*WORK REQUIRED:* Please write out exactly the lines of the data below from the line holding "天神谷津 休耕田の 草刈り (昨年)" through the line holding "90660 CONTAINERWAGEN SGGMRSS'90", and leave out the rest.

*DATA FOR ANALYSIS:*
=-=-=-=-=

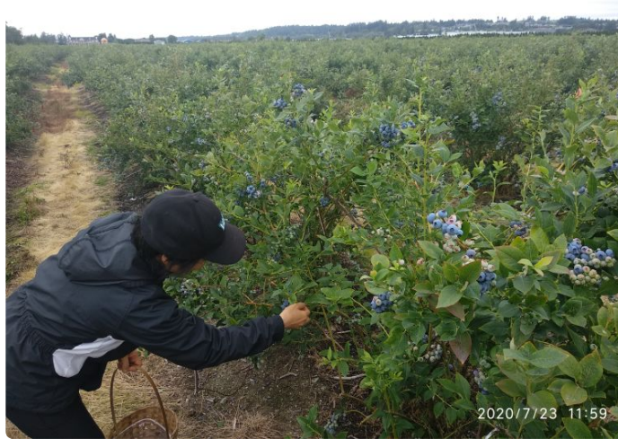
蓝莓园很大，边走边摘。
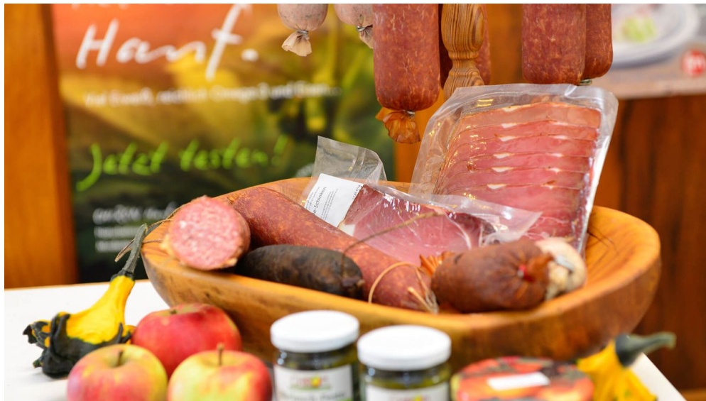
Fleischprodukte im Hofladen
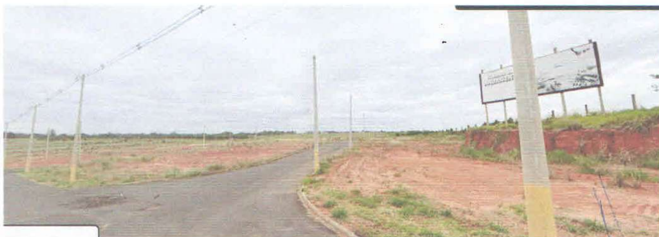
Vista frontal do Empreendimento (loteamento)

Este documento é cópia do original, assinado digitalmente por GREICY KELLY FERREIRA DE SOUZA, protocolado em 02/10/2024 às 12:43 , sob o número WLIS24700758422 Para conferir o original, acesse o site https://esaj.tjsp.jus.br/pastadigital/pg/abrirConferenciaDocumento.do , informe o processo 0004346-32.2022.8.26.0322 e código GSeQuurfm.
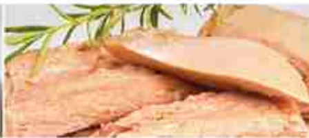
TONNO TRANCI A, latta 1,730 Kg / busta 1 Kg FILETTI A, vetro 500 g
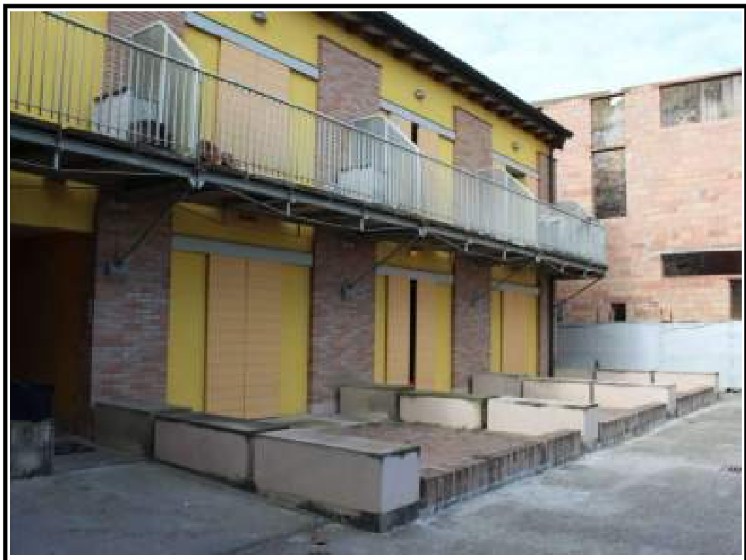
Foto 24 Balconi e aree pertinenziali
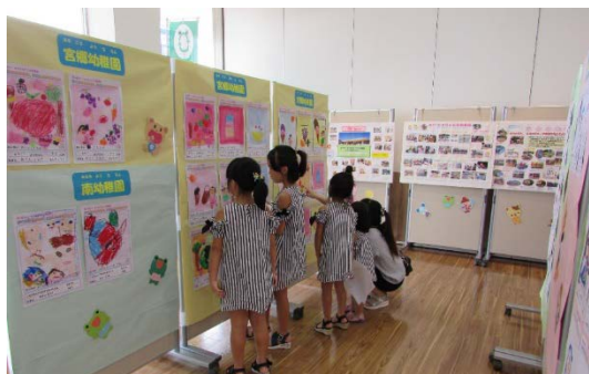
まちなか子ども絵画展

=-=-=-=-=

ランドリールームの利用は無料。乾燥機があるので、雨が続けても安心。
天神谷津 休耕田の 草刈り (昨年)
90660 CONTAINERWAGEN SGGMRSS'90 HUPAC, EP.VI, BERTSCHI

=-=-=-=-=

*EXERCISE ANSWER:*
天神谷津 休耕田の 草刈り (昨年)
90660 CONTAINERWAGEN SGGMRSS'90 HUPAC, EP.VI, BERTSCHI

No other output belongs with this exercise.